From Table 1, we see that CRNNM performs the best among the three models. This result shows that using melody contour as additional features helps SID.

Our ‘CRNNM+Data aug’ model achieves 0.75 song-level F1 score, which is greatly higher than that (0.67) obtained by the best existing model (‘CRNN+Origin’) [13] for artist20.

Table 1 also shows that, for all the three models, training on Data aug outperforms those trained on Origin for the song-level result, validating the effectiveness of the data augmentation method. We also note that, using Vocal-only performs even worse than using Origin for the case of CRNN and CRNNM, suggesting that the models trained with Origin may benefit from the additional (unwanted confounding) information in the accompaniment. Using Remix alone addresses this issue, but its result is no better than using Origin alone. The combination of the three data (i.e., Origin, Vocal-only, and Remix) significantly boosts the song-level F1 score.

The F1 score at the 5-sec level is much worse than that at the song level, highlighting the importance of majority voting in aggregating the result. One important reason for this is the presence of non-vocal parts in a song. To demonstrate this, we regard “vocalness” as the mean volume of the vocal-separated clip for each 5-sec segment, and then compute the correlation between the vocalness and the prediction of the ground truth singer for test songs by our CRNN model trained with Data aug training set. The resulting correlation coefficient (0.39) indicates a weak relationship between these two factors. Figure 3 shows the result for three random test songs. We see that the model assigns high likelihood scores to the correct singer for the vocal frames (i.e., frames with larger avg db) but not for the non-vocal frames. We therefore suggest that 1) song-level accuracy is more important than 5-sec level accuracy, 2) future work may consider employing a vocal/non-vocal detector (e.g., [18]) in both the training and testing stages.

Figure 4: Visualization of the embeddings (projected into 2D by t-SNE) generated by the models trained on the Origin training set for the testing samples (5s segment; under the album split). Upper: the result of CRNN (i.e., the model shown in Figure 1 but without the melody branch); lower: the result of CRNNM (i.e., the model shown in Figure 1).

3.2 Visualization

After training, we can regard the output of the final fully-connected layer as an embedding of the input data. Visualizing the representations can give us some ideas of the behaviour and performance of our SID models. Therefore, we employ t-Distributed Stochastic Neighbor Embedding (t-SNE) 

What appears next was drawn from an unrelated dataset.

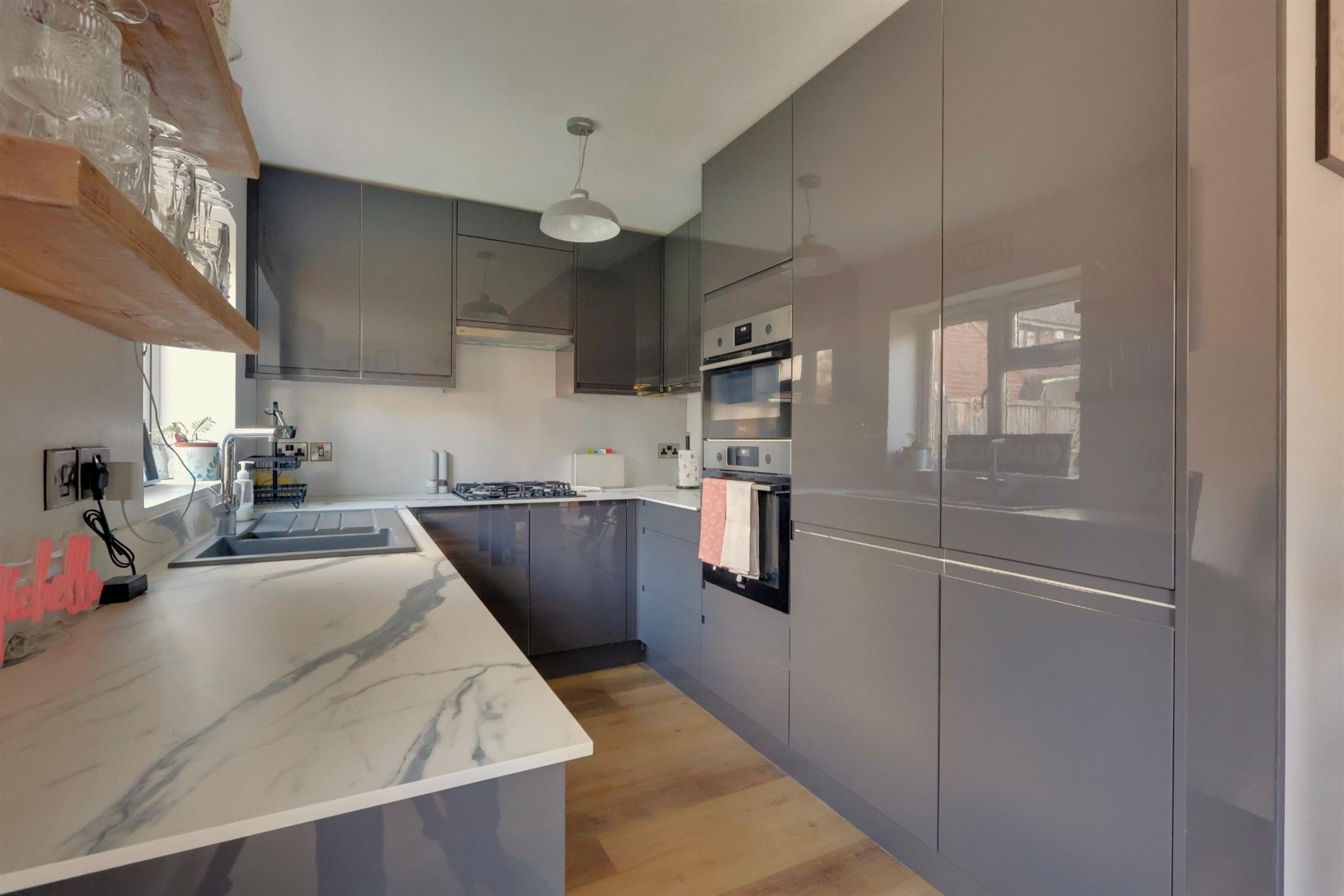 A range of wall and base cupboards with work surface over. Integrated fridge/freezer, double oven with microwave and dishwasher. Inset one and a half sink unit with drainer. Four ring gas hob with extractor fan over. Radiator. Double glazed window. Door to rear garden.

to project the computed embedding vectors to a 2-D space for visualization, and to explore the structure of the predictions. For space limit, only the result of CRNN and CRNNM models trained on

Origin are presented. The audio samples of testing set are drew and colored according to the ground truth artist labels in Figure 4. It can be seen from the result of CRNNM that samples from different singers are fairly well-separated in the embedding space.222We note that similar visualization of the learned embedding space is also provided in [13]. Yet, they consider the song-split setting in their visualization, while we consider the more challenging yet realistic case of album-split. Therefore, although the embeddings shown in their work seem to be even more separated, we still consider the result here promising. The result of CRNN looks less separated, suggesting again that a model taking additional melody feature may do SID better.

4 Conclusions

The paper proposes a new SID model extending from CRNN and involving the use of melody information by leveraging CREPE [7]. Also, a data augmentation method called shuffle-and-remix is adopted to avoid the confounds from the accompaniments by using source separation [21]. Our evaluation shows that both melody information and data augmentation improve the result, especially the latter. Future work includes three directions. First, to use a vocal detector [18] as a pre-filter for SID. Second, to investigate replacing convolutions by GRUs for the melody branch since the melody contour is a time series. Lastly, to try other data augmentation methods such as pitch shifting, time stretching, or a shuffle-and-remix variant that considers the key and tempo while remixing.